We compute FFO in accordance with the standards established by the Board of Governors of Nareit, the worldwide representative voice for REITs and publicly traded real estate companies with an interest in the U.S. real estate and capital markets. Nareit defines FFO as GAAP net income or loss adjusted to exclude net gains (losses) from sales of certain depreciated real estate assets, depreciation and amortization expense from real estate assets, gains and losses from change in control, and impairment charges related to certain previously depreciated real estate assets. To derive AFFO, we modify the Nareit computation of FFO to include other adjustments to GAAP net income related to certain non-cash revenues and expenses, including straight-line rents, cost of debt extinguishments, amortization of debt issuance costs, amortization of net mortgage premiums, amortization of lease intangibles, (gain) loss on interest rate swaps, and other non-cash interest expense, realized gains or losses on foreign currency transactions, internalization expenses, extraordinary items and other specified non-cash items. We believe that such items are not a result of normal operations and thus we believe excluding such items assists management and investors in distinguishing whether changes in our operations are due to growth or decline of operations at our properties or from other factors.
Our leases include rents that increase over the term of the lease to compensate us for anticipated increases in market rentals over time. Our leases do not include significant front-loading or back-loading of payments or significant rent-free periods. Therefore, we find it useful to evaluate rent on a contractual basis as it allows for comparison of existing rental rates to market rental rates. Additionally, we exclude the amortization of lease intangibles. We exclude these costs from AFFO because they are upfront expenses that are recognized in conjunction with an acquisition, and therefore, are not indicative of ongoing operational results of the portfolio.

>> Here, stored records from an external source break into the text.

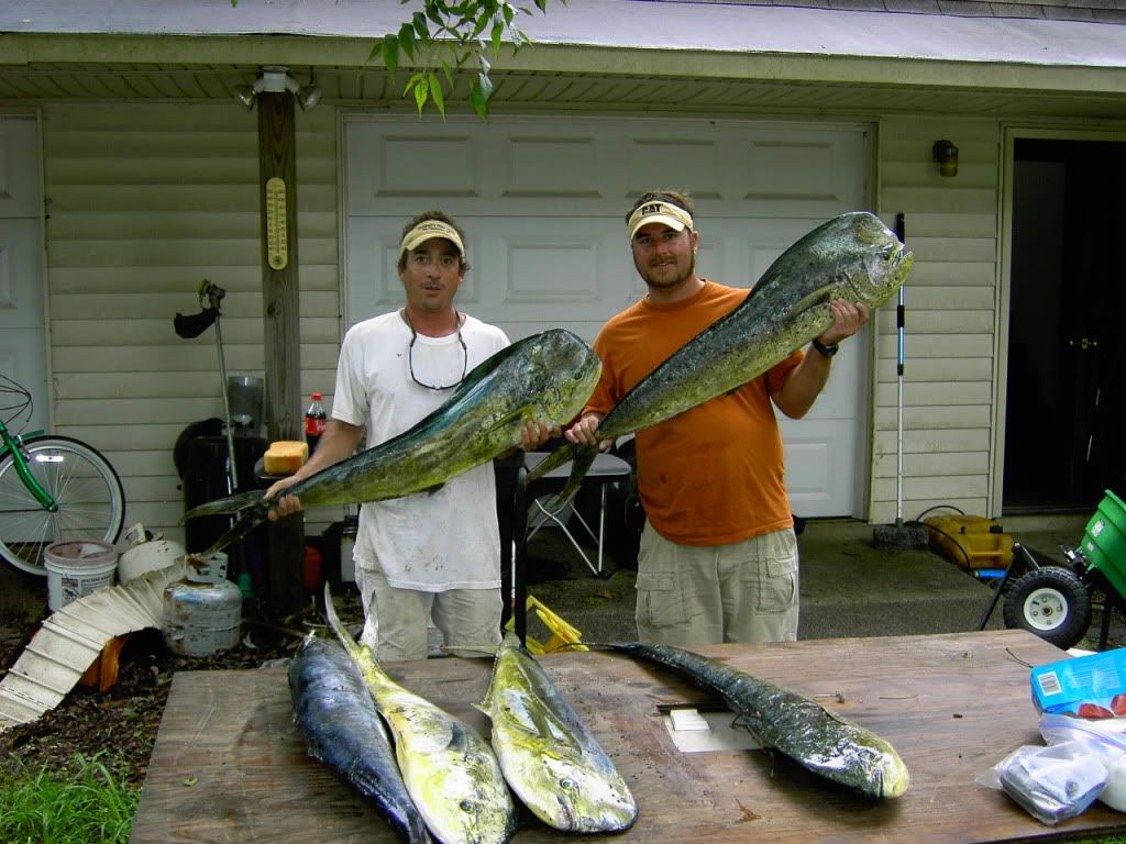 Lines in at 6:45 in 130’ around some scattered weeds. Downrigger line goes off about 10 min. later with a cuda. Next bites came in 180’ when we hit a school of dolphin and put a slinger and a nice bull in the box. Circle back on em and put another nice cow in the box. Fished around for a while then came back through the same area and caught another nice cow. Slow for a while after that so we trolled back in and hooked one in about 150’ that pulled off. Then back in to about 135-140’ where we hit a little hot spot and brought a nice fish to the boat with one trailing it so we got to catch one on the spinning rod. Circle back around and caught a nice bull and a wahoo. Pulled lines in at 2:00 and had a bird chain with a lure on the back in my hand when a cuda grabs the lure. Hand lined in a 5 lb. cuda to finish the day.
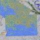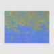 Vintage tissue paper design featuring a blue and gold distressed damask pattern on a canvas textured background.
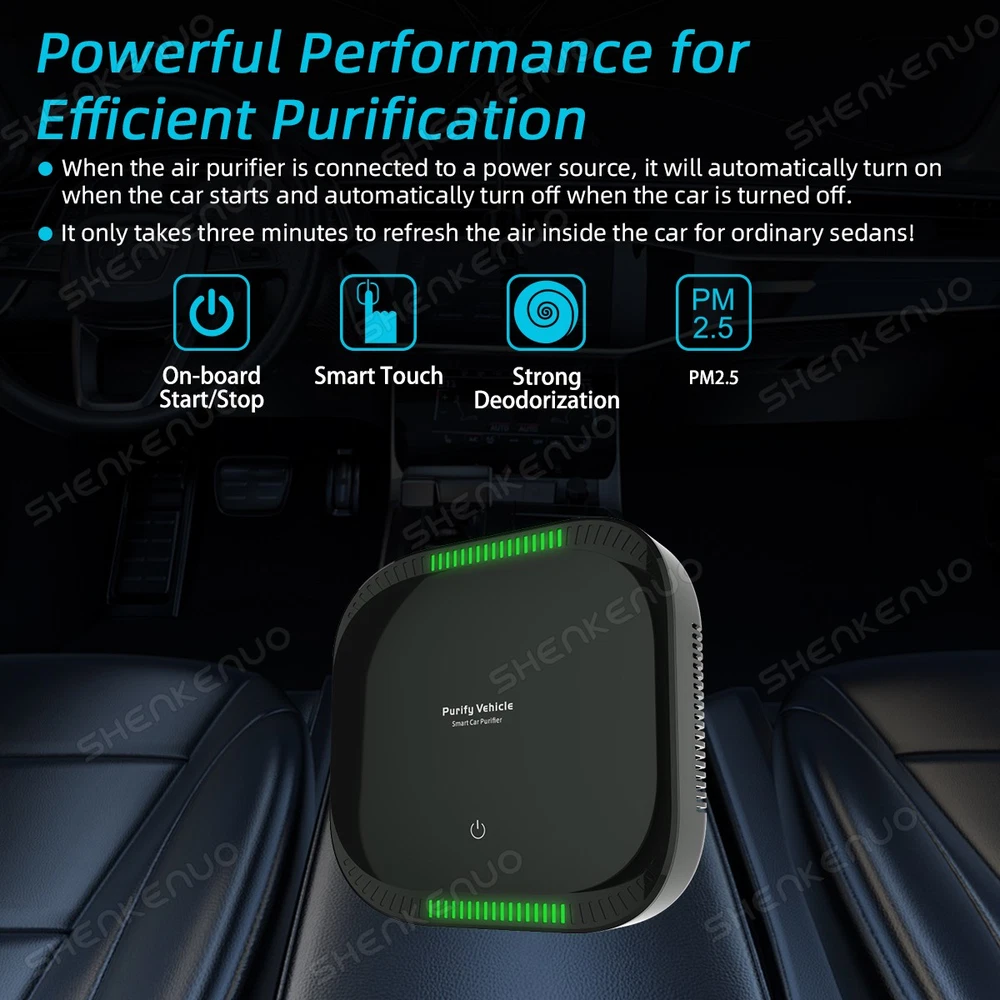 This high-performance car air purifier is engineered to create a healthier and more comfortable cabin environment. Utilizing an advanced HEPA filtration system, effectively captures airborne particles, allergens, and dust. Its core strength lies in providing large space coverage and fast air circulation, resulting in more powerful purification capability. Specifications: • Product Name: Car Air Purifier • Material: PC/ABS • Power Source: USB / Car Cigarette Lighter • Product Weight: 500 g • Color: Black • Operating Voltage: 5V • Rated Power: 3W • Suitable Area: 10-20 m² • Noise Level: <30 dB • Purification Technology: HEPA • Cable Length: 1.2 m • Package Dimensions: 205 * 205 * 70 mm Key Features: ✅ Smart Display & Touch Control Easily monitor air quality and control settings via an intuitive smart display with touch-sensitive buttons. ✅ Effective PM2.5 Purification Actively monitors and captures harmful PM2.5 particles, ensuring cleaner air inside your vehicle. ✅ Powerful 10cm Fan Enables rapid air circulation and a fast purification cycle for large spaces. ✅ Convenient Auto Start/Stop Powers on and off automatically with your vehicle's ignition for a truly hassle-free experience. ✅ Sleek, Ultra-Thin Design Its compact form factor fits seamlessly into any car interior without being obtrusive. ✅ Multi-Action Performance Features powerful odor elimination and rapid defrosting capabilities for enhanced comfort. On Nov 19, 2025 at 16:54:25 PST, seller added the following information:
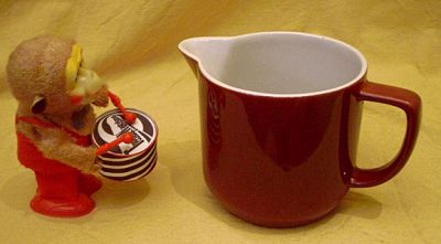 Ein schicker Milchtopf aus Steingut aus den 50er Jahre, innen weiß, außen bordeauxrot,
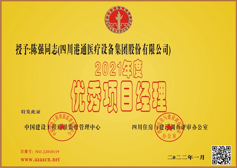 授予: 邓仕翟等八位同志(四川港通医疗设备集团股份有限公司)荣获“2021年度优秀项目经理”荣誉称号。
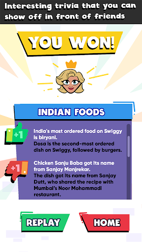Have lot of fun playing with friends and family. Along side, learn interesting trivia for each question at the end of the game which you can use it to appear smarter than your friends.

We also exclude costs or gains recorded on the extinguishment of debt, non-cash interest expense and gains, the amortization of debt issuance costs and net mortgage premiums, internalization expenses, and realized gains or losses on foreign currency transactions, as they are not indicative of ongoing operational results of the portfolio. We use AFFO as a measure of our performance when we formulate corporate goals.
FFO is used by management, investors, and analysts to facilitate meaningful comparisons of operating performance between periods and among our peers, primarily because it excludes the effect of real estate depreciation and amortization and net gains on sales, which are based on historical costs and implicitly assume that the value of real estate diminishes predictably over time, rather than fluctuating based on existing market conditions. We believe that AFFO is a useful supplemental measure for investors to consider because it will help them to better assess our operating performance without the distortions created by non-cash revenues or expenses. FFO and AFFO may not be comparable to similarly titled measures employed by other REITs, and comparisons of our FFO and AFFO with the same or similar measures disclosed by other REITs may not be meaningful.
Neither the SEC, nor any other regulatory body has passed judgment on the acceptability of the adjustments that we make to FFO to calculate AFFO. In the future, the SEC, or another regulatory body may decide to standardize the allowable adjustments across the REIT industry and in response to such standardization we may have to adjust our calculation and characterization of AFFO accordingly.